Probably the best example of how useful I found it was in writing a manual of procedures with about ten other volunteers who would ask questions. As we answered the questions, we folded the answers into the main part of the document. This was much more useful than writing a static document and then having a separate email list for discussion, or using track changes in Microsoft Word to email around a huge document that kept on growing.

I have high hopes for the internet in terms of ad hoc collaboration, particularly academic collaboration. I find GitHub really exciting because it allows me to work on a private project and then add a collaborator when they come on board. Once a project is finished and the paper published, that private repository can be made public and anyone can fork it and do with it what they will. If they’re intrigued by what’s been done, they could contact me and discuss what they’ve done and we can build a new project based on their fork of my work. With so much of my work being based on R or MATLAB and written up in LaTeX, I find this potential way of working quite sensible. Add in the fact that GitHub gives you a wiki system for each project and you’ve got a great tool at your disposal.

A somewhat ad hoc collaborative tool that I organised is the wiki for QUT’s Bayesian Non-parametrics reading group. This is a repository for the collective work of the group, including Q&A on the papers we’re reading, notes from the meetings, a list of papers read, code chunks, links to videos explaining what we’re working on, etc. It’s been a really useful tool and I’d hope that others interested in the same work could use it as a resource for their own learning.

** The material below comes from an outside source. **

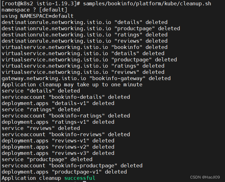 [root@k8s2 istio-1.19.3]# samples/bookinfo/platform/kube/cleanup.sh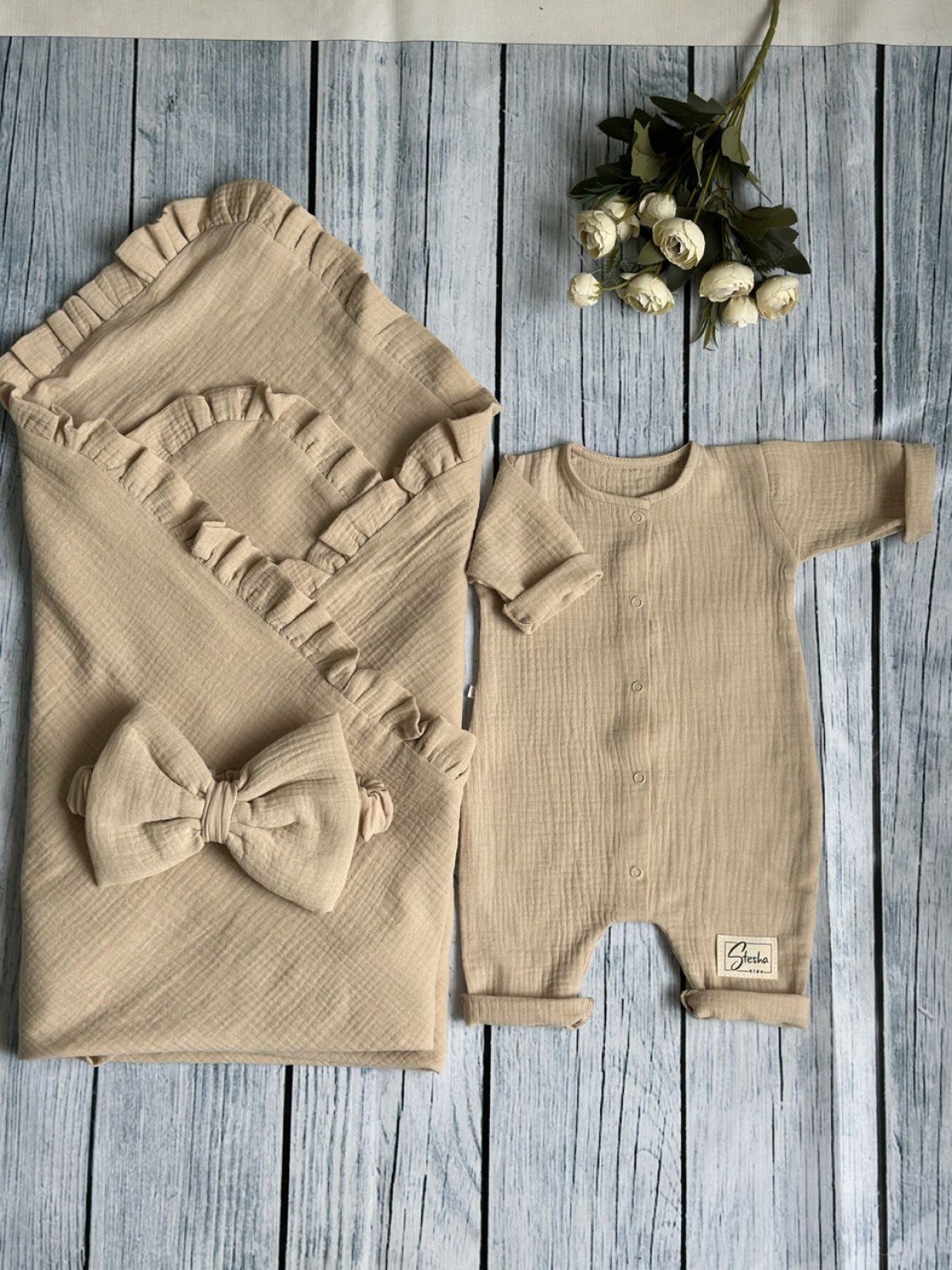 Теги: Купить детские конверты, комбинезон оптом, детские конверты на выписку оптом. 335-К. Комплект из детского комбинезона, р 56 и конверта муслин, хлопок 100% 90/90 см, кофейный цена,отзывы официальный сайт "Стеша Нальчик"

There’s a lot of really cool stuff out there. It’s a matter of finding useful tools that don’t have particularly high barriers to entry and allow non-experts to view expertly produced material (like on RPubs). The longer it’s been since one was a student, the less likely one seems to be to adopt new workflow practices. I’ve suggested git to my supervisors as a good way for our groups to work but I have a feeling that none of them are interested enough in distributed version control to put the effort in to learning how to use them. So for now it’s annotated PDFs or printed pages with scribbles on them rather than making the edits to a LaTeX source file and committing and pushing their changes to a shared repository.